Excessive interest in forecasting quarterly results, cognitive bias and inability of industries to forecast their own performance accurately are behind the ‘outlandish valuations’ of consumer stocks, according to a research by Kotak Institutional Equities. 

“We believe the Street needs to review its valuation approach and arguments for consumer stocks,” said Sanjeev Prasad, who heads institutional equities at Kotak and is among the authors of the report.

According to data from the report, most consumer stocks are trading at 40-60 times the one-year forward price-to-earnings ratio, which is a measure used to verify if a stock justifies its earnings. “Most consumer stocks have delivered poor returns over the past 3-5 years , despite a disproportionate share of positive ratings,” Mr. Prasad said.

He said that popular sentiment had missed the changes in the business model of the companies as they “hope quarterly earnings may recover to 2010 levels”, use historical valuations benchmark even after they had become irrelevant, and excessive focus on quarterly results driven by consumer demand.

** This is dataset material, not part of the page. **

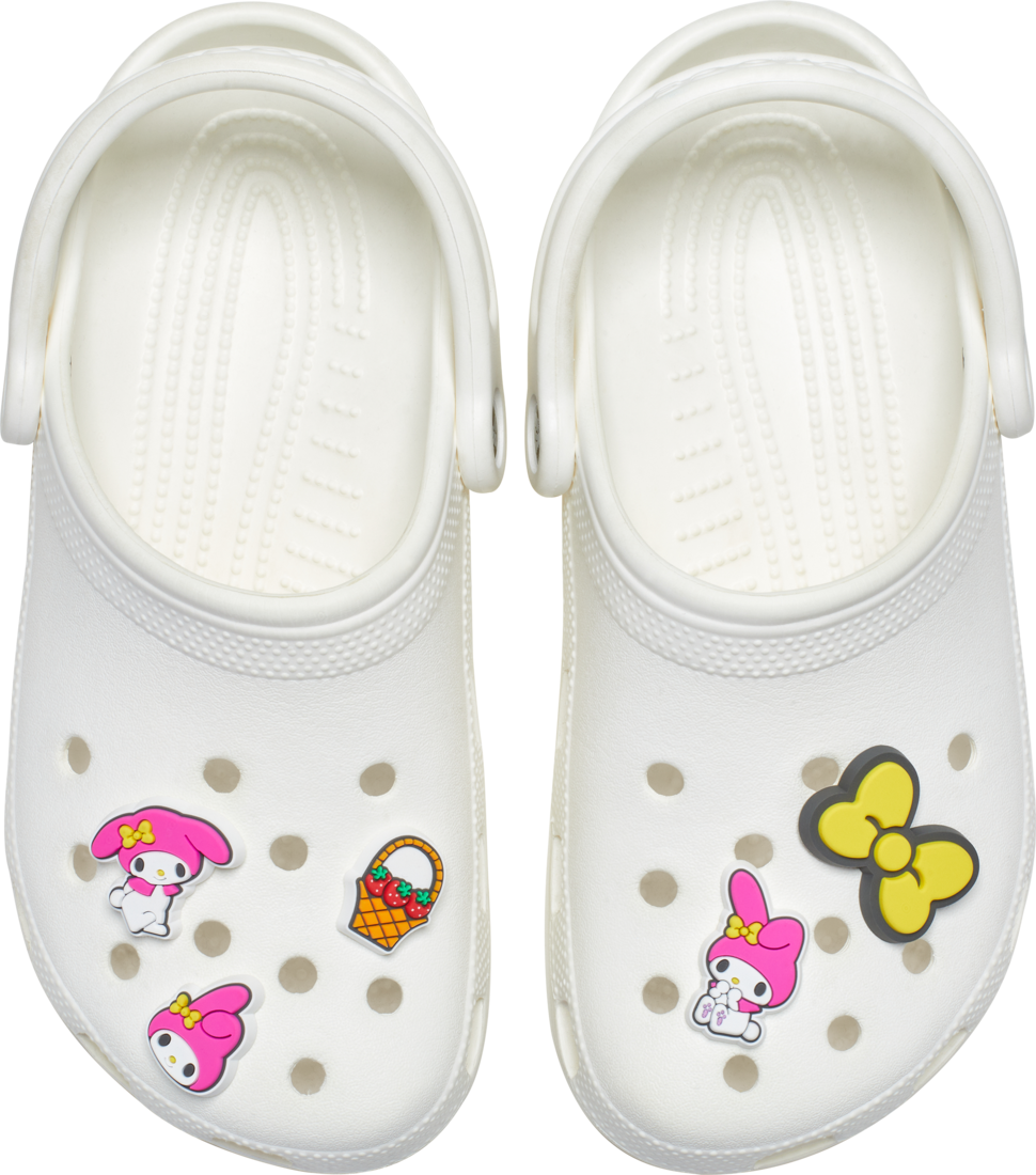 Jibbitz charms are fun little images, letters, sayings, characters, and bits of pop culture mounted on a post to pop into the holes of your Crocs Classics. With 13 holes on each Crocs Classic, you can sport up to 26 at a time.

“The fact that the stocks have not gone anywhere for years does not seem to be bothering anyone, severe cognitive biases and overconfidence of companies about their ability to forecast events in an era of climate change and technological disruptions and the misguided belief among analysts and investors about their ability to forecast stock prices and developments based on companies’ guidance are the reasons behind this,” the authors said.